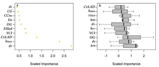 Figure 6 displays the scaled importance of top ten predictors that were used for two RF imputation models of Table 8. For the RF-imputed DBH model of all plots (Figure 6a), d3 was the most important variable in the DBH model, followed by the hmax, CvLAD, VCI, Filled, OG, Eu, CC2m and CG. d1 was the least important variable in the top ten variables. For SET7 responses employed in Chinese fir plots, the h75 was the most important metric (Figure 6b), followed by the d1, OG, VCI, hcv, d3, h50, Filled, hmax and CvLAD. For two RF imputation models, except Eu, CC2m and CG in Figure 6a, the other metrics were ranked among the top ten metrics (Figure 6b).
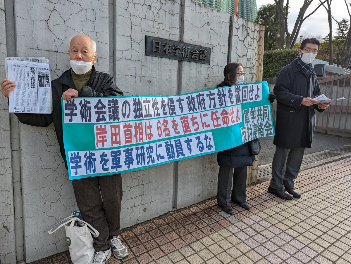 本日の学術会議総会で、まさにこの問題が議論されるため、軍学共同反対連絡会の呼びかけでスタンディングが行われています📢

* * *

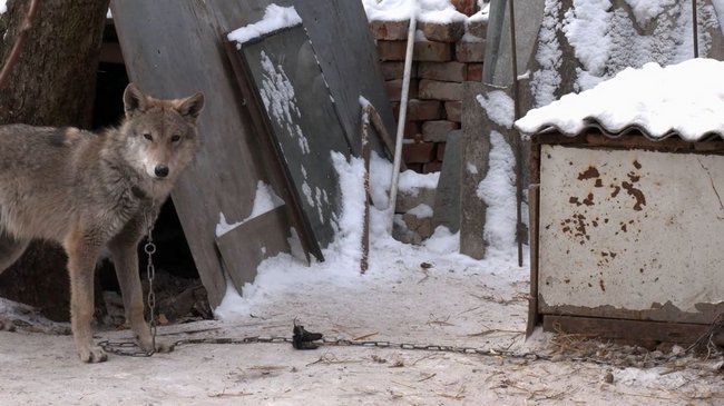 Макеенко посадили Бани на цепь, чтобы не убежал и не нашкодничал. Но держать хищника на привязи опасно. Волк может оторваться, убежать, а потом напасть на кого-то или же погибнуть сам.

### To do
Beginning with the line above that contains "Figure 6 displays" and ending with the line that contains "本日の学術会議総会で、まさに", quote each line exactly, keeping out the pictures.

### Written answer
 Figure 6 displays the scaled importance of top ten predictors that were used for two RF imputation models of Table 8. For the RF-imputed DBH model of all plots (Figure 6a), d3 was the most important variable in the DBH model, followed by the hmax, CvLAD, VCI, Filled, OG, Eu, CC2m and CG. d1 was the least important variable in the top ten variables. For SET7 responses employed in Chinese fir plots, the h75 was the most important metric (Figure 6b), followed by the d1, OG, VCI, hcv, d3, h50, Filled, hmax and CvLAD. For two RF imputation models, except Eu, CC2m and CG in Figure 6a, the other metrics were ranked among the top ten metrics (Figure 6b).
 本日の学術会議総会で、まさにこの問題が議論されるため、軍学共同反対連絡会の呼びかけでスタンディングが行われています📢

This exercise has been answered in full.